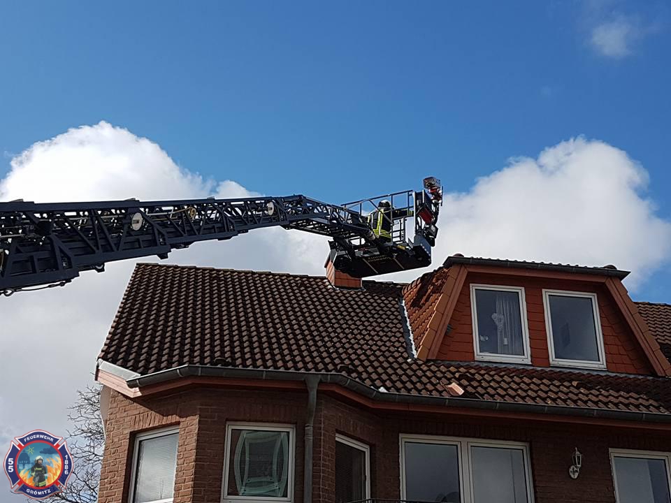 Dachziegel fallen vom Dach -> Wir entfernten die betroffenen Dachziegel mittels Drehleiter. |
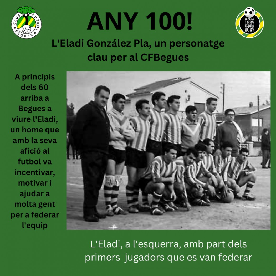 A principis dels 60 arriba a Begues a viure l'Eladi González Pla, un home que amb la seva afició al futbol va incentivar, motivar i ajudar a molta gent per a federar l'equip
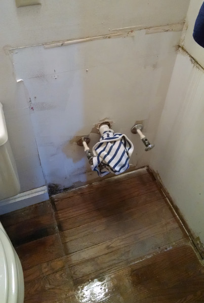 All finished! We have a nice, new, shiny sink in the half-bath.
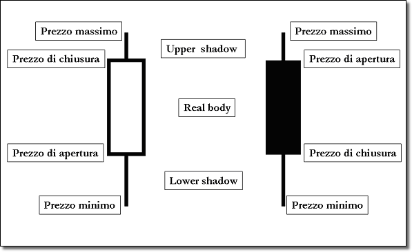 candlestick; il range di prezzi compreso fra i prezzi di apertura e di
******************************
ABOUT THIS EXERCISE.
Each line from the one that holds "A principis dels" through the end of the material should be repeated exactly, and nothing more. Leave out any picture.

RESPONSE.
 A principis dels 60 arriba a Begues a viure l'Eladi González Pla, un home que amb la seva afició al futbol va incentivar, motivar i ajudar a molta gent per a federar l'equip
 All finished! We have a nice, new, shiny sink in the half-bath.
 candlestick; il range di prezzi compreso fra i prezzi di apertura e di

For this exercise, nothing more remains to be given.